Perhaps it would even be correct to say that the experience left him drained of the normal motivations of man, especially self-interest which is considered necessary for survival. The following quotation will illustrate the point: “What I am left with is something extraordinary – extraordinary in the sense that it has been possible for me not through any effort, not through any volition of mine. Everything that every man thought, felt and experienced before has been thrown out of my system.”


“Your natural state has no relationship to the religious states of bliss, beatitude and ecstacy. They lie within the field of experience. Those who have led man on his search for religiousness throughout the centuries have perhaps experienced these religious states. So can you. They are thought-induced states of being and as they come, so do they go…. The timelessness can never be experienced, can never be grasped, contained, much less given expression to by any man. That beaten-track will lead you nowhere. There is no oasis situated yonder. You are stuck with the mirage.”


Krishnamurti therefore seems to make a distinction between the religious experience and the natural state if man which he is privy to. This natural state, which comes out of the draining away of much that man clings to, seems to result in a personality singularly in empathy with the outside, especially with other personalities. Many incidents mentioned in the book accentuate this fact: Krishnamurti quietening a restless panther with an order; Krishnamurti being photographed with a young girl, a total stranger, asking for the photograph which she duly frames to hang in her room; the help he gives to Parveen Babi when the film star's personality was on the point of disintegrating; the considerable source of meaning and inspiration he has been to Mahesh Bhatt himself. The examples could be multiplied.

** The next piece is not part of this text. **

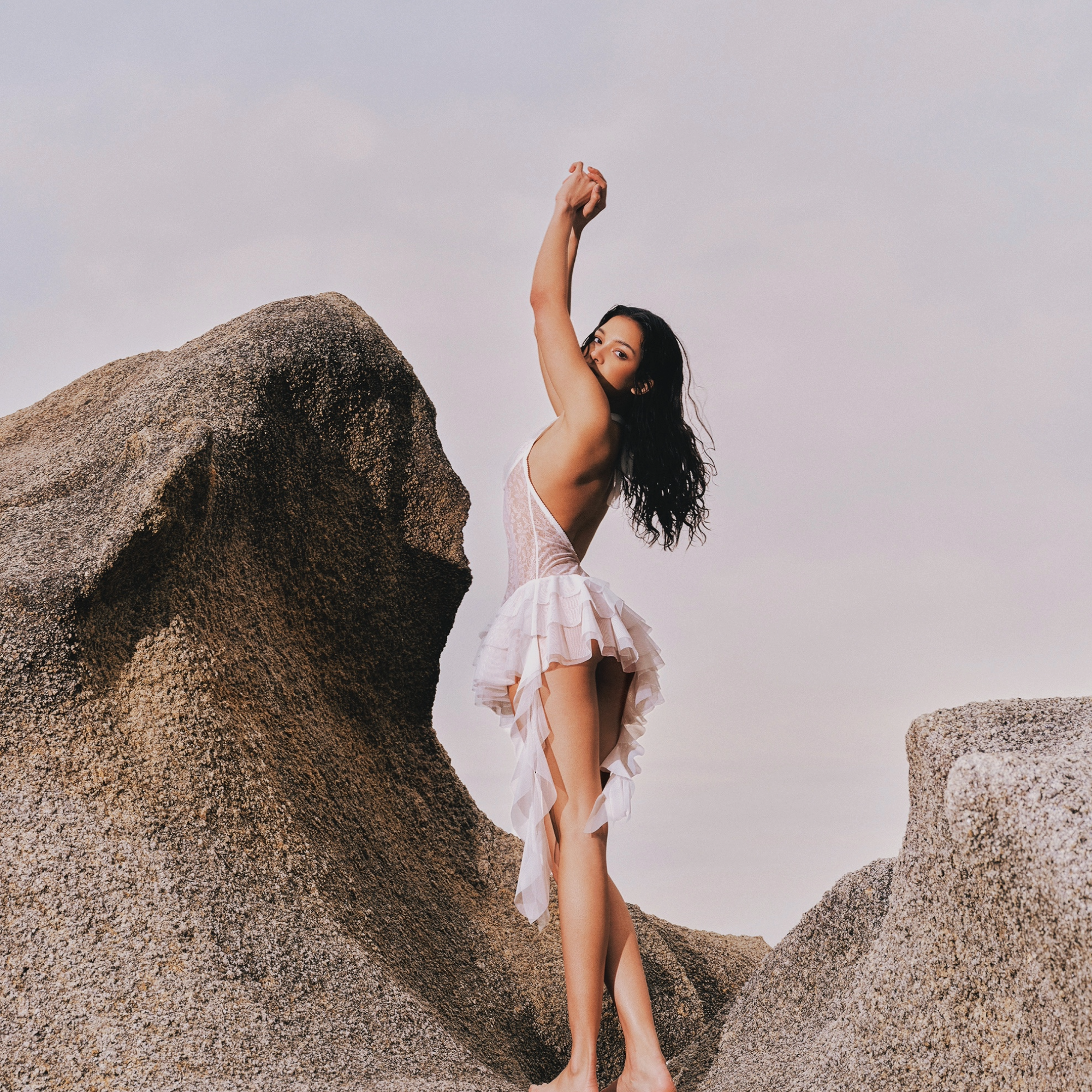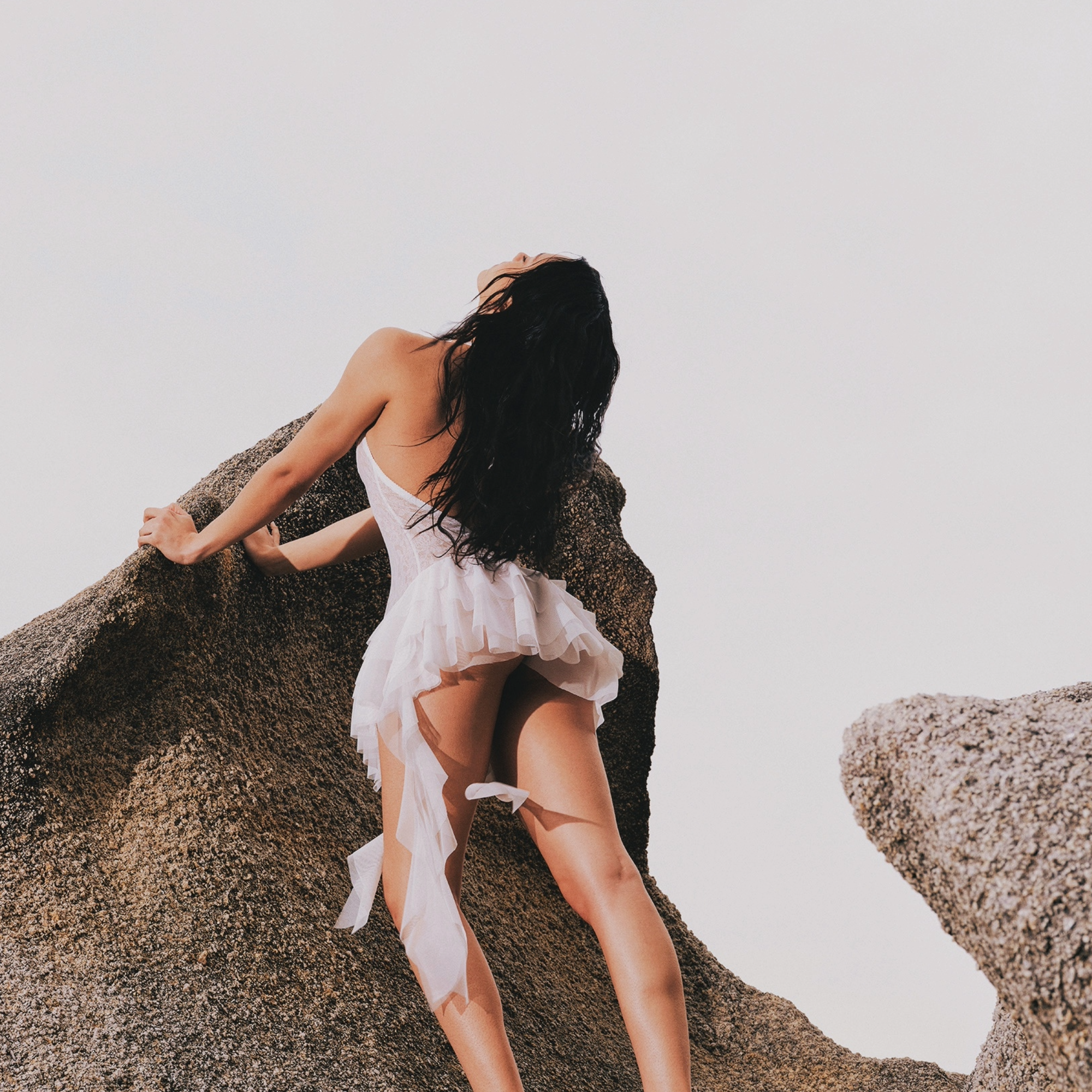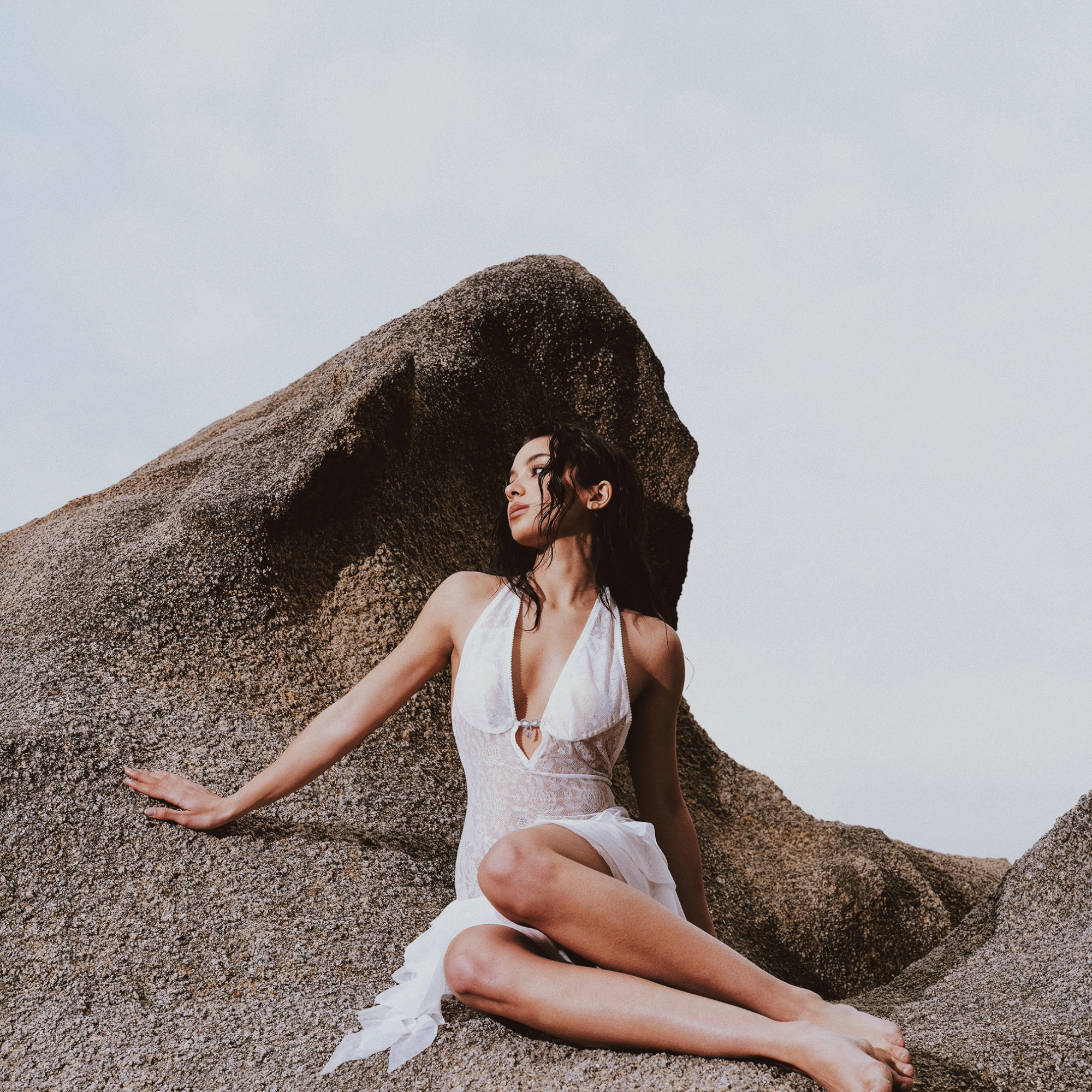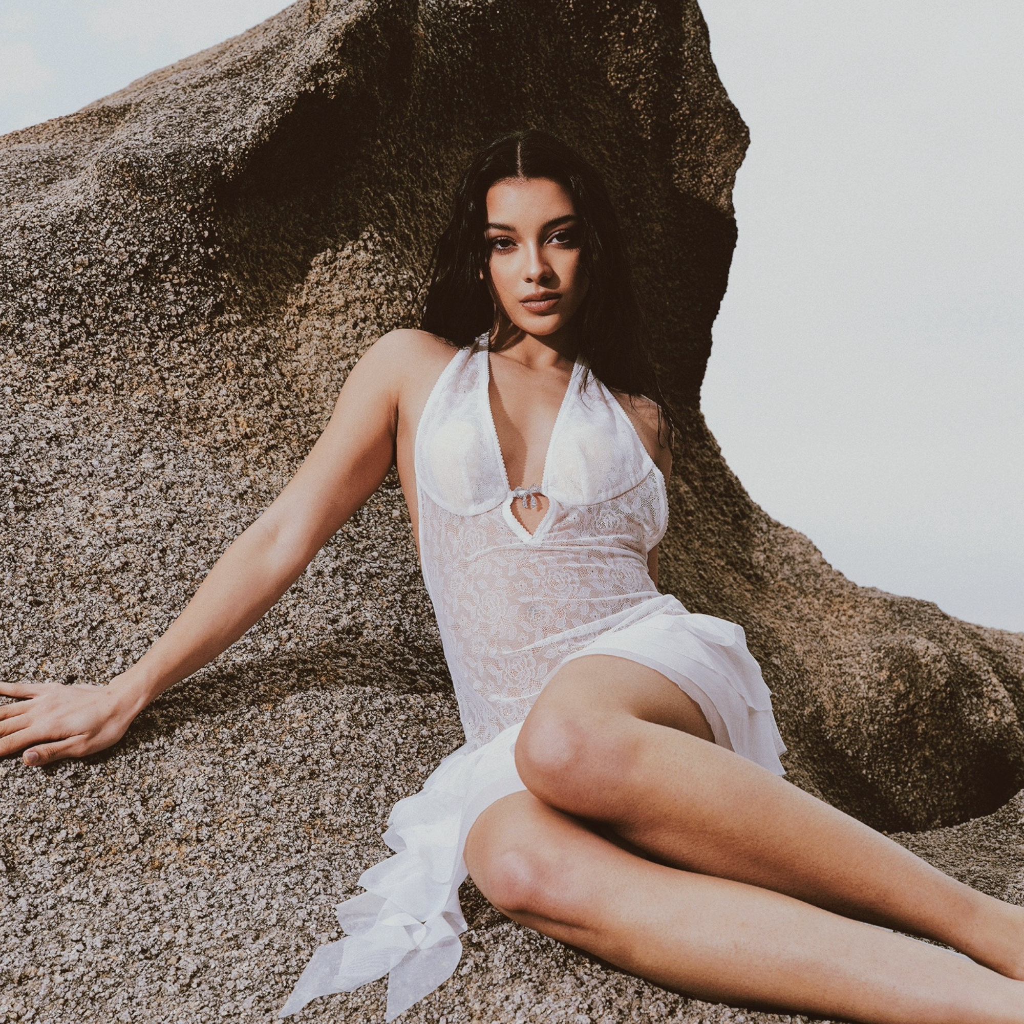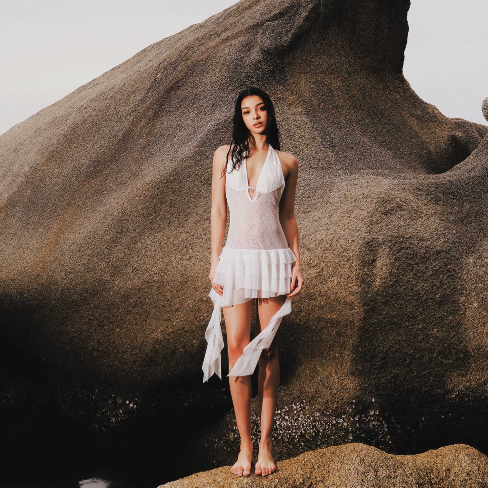 Delicate floral patterns trace the body, adding depth to the layers and enhancing its whimsical charm. In white, it embodies a surreal, sleepwalking sensuality—soft, luminous, and dreamlike, inviting the imagination to wander through its floating elegance.

Regrettably, as Krishnamurti himself repeatedly emphasises, the natural state of emancipation cannot be taught. You either experience it or you don't. So what do poor mortals like me do to find peace and meaning in life? This is the paradox of the situation. When a guru has nothing to offer, we can only admire him and see some of the effects he has on man and nature. We are unable to emulate him because the secret is hidden forever from us.


Or is it that the life of the guru, the totality of his rejection of everything, and resultant splendour of personality is an affirmation of the very God he fails to acknowledge? If this is so, then probably the “poor” of the world can be satisfied with what a great saint said many years ago: “Thou hast made us for Thyself, and our hearts are restless till they find their rest in Thee.” Perhaps the complete rejection of self-interest is the same as the total acceptance of God and His truth!